To start we ordered a bottle of Argentinian wine, Trapiche, a malbec reserve. Pomegranate only serves two kinds of meat from what I can tell. Mostly it’s lamb, and one or two dishes have chicken, or are vegetarian. Thus the red choice- and it was a delicious wine which I will be certain to purchase again. Between myself and my two guests, we ordered four dishes.
Maast-o Khiar - $4.25
A blend of English cucumber, walnuts, raisins and rose petals in a rich creamy herbed yogurt.

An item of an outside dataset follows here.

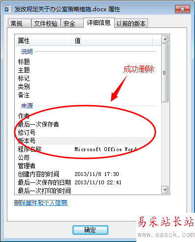 5、查看文檔右鍵屬性-詳細信息,屬性和個人信息消失,刪除成功。

This appetizer was served with warm Barbary bread- and by warm, I mean HOT! Wrapped in a warm cloth, it tasted incredibly fresh, while crusty on the outside. I firmly believe this was fresh baked. The mast-o khiar was spooned out onto our separate plates. I was a bit disappointed that I couldn’t taste much of the rose petals, which were actually more like a fine powder on top of the dish. Eaten on top of bread or by itself, the dish was mild, the raisins and walnuts adding the most texture and flavour. It was refreshing, and thus served well as an app, but wasn’t terribly memorable.

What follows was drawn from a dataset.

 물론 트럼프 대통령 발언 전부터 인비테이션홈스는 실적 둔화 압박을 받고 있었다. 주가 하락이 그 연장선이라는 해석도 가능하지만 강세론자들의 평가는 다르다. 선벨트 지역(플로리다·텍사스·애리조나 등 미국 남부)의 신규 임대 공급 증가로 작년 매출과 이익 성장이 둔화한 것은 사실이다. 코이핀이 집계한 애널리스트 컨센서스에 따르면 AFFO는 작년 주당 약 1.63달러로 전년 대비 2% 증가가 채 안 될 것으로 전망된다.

All the main dishes were served with a salad of mixed greens and a happy helping of basmati rice. There was also a small bowl of something that reminded me of pico, with mint. My companions dishes were served in metal bowls with the gravy filled right to the edge, but mine came with a proud and large shank of lamb front and center.

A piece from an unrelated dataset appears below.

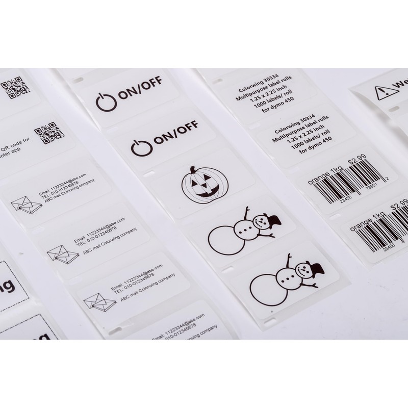 - Quality--These labels will crystal clear print, do not peel off because of strong adhesive, resistant scratches and smudges. Will not become yellow. Every roll label in black poly bag for protection and storage

Daily Special - Seared Eggplant with Lamb - $14.95
I tried a spoonful of this saucy, savoury dish with some of my basmati rice. Pomegranate knows a thing of two about making a winning sauce. As the Pomegranate was my second blog to review, I made a rookie mistake- I forgot to take my notebook. Finding standard menu items on the Pomegranates website was easy, but I don’t have the details on what was in this stew. It was rich, with thick and mushroomy gravy. The eggplant was not too noticeable, but the charred flavour hung around underneath the bold lamb aromas. For a cold and wet day, it was a great choice.
Aloo Gheysi - $13.95
A stew of bokhara plums and dried apricots in a saffron sauce with boneless chicken pieces
The plums have pits in them. We were warned about this twice by two different servers. I’m a firm believer that every bit of an animal, plant or fruit contains essential flavours, even if it’s just a bit of an addition. Of the three dishes, we all agreed that this was the most flavourful. I love sweet dinners because they’re different from what one usually gets, but my friends both said they aren’t historically fans. All of us loved it. Even though there was a variety of fruit, the chicken and saffron did a lot to keep the dish from being too sweet. Again, Pomegranate showed a skill for sauces. Unlike other saucy middle eastern dishes I’ve tries, this was not too buttery, but full of natural taste.
Morasa Polo - $14.95
Jewelled rice – slivers of Seville orange peel, almond and pistachio with diced carrots and barberries blended in saffron basmati rice served with a braised lamb shank
I am not much of a lamb eater. I’m not opposed to it, but I tend to lean towards vegetarian dishes. So the times I’ve eaten lamb can be counted on one hand. This was...superlative. Can I use that word for a hunk of meat on a big bone? It was great. It tasted strictly of meat. There was no sauce, and the spices were very simple, almost not there. But please, let me describe its tenderness. I had a piece on my fork, and I bit that piece. Half stayed on the fork, just falling away. I don’t know if I’ve ever had something so tender! Beautiful lamb.
The rice that came with my dish was also different from what my friends had with their dishes. This ‘jewelled rice’ was full of chips of candied orange peel, crisp nuts, and carrots. It was as colourful as confetti, and I couldn’t get enough of it. The basmati was so light and fluffy that it didn’t sit heavily like rice usually does.
The desserts were very tempting, and I saw the tables all around us ordering the same thing, but we all agreed that we were too full to venture into desserts - this time.
My guests this evening were my roomate Molly and her man, Pietro.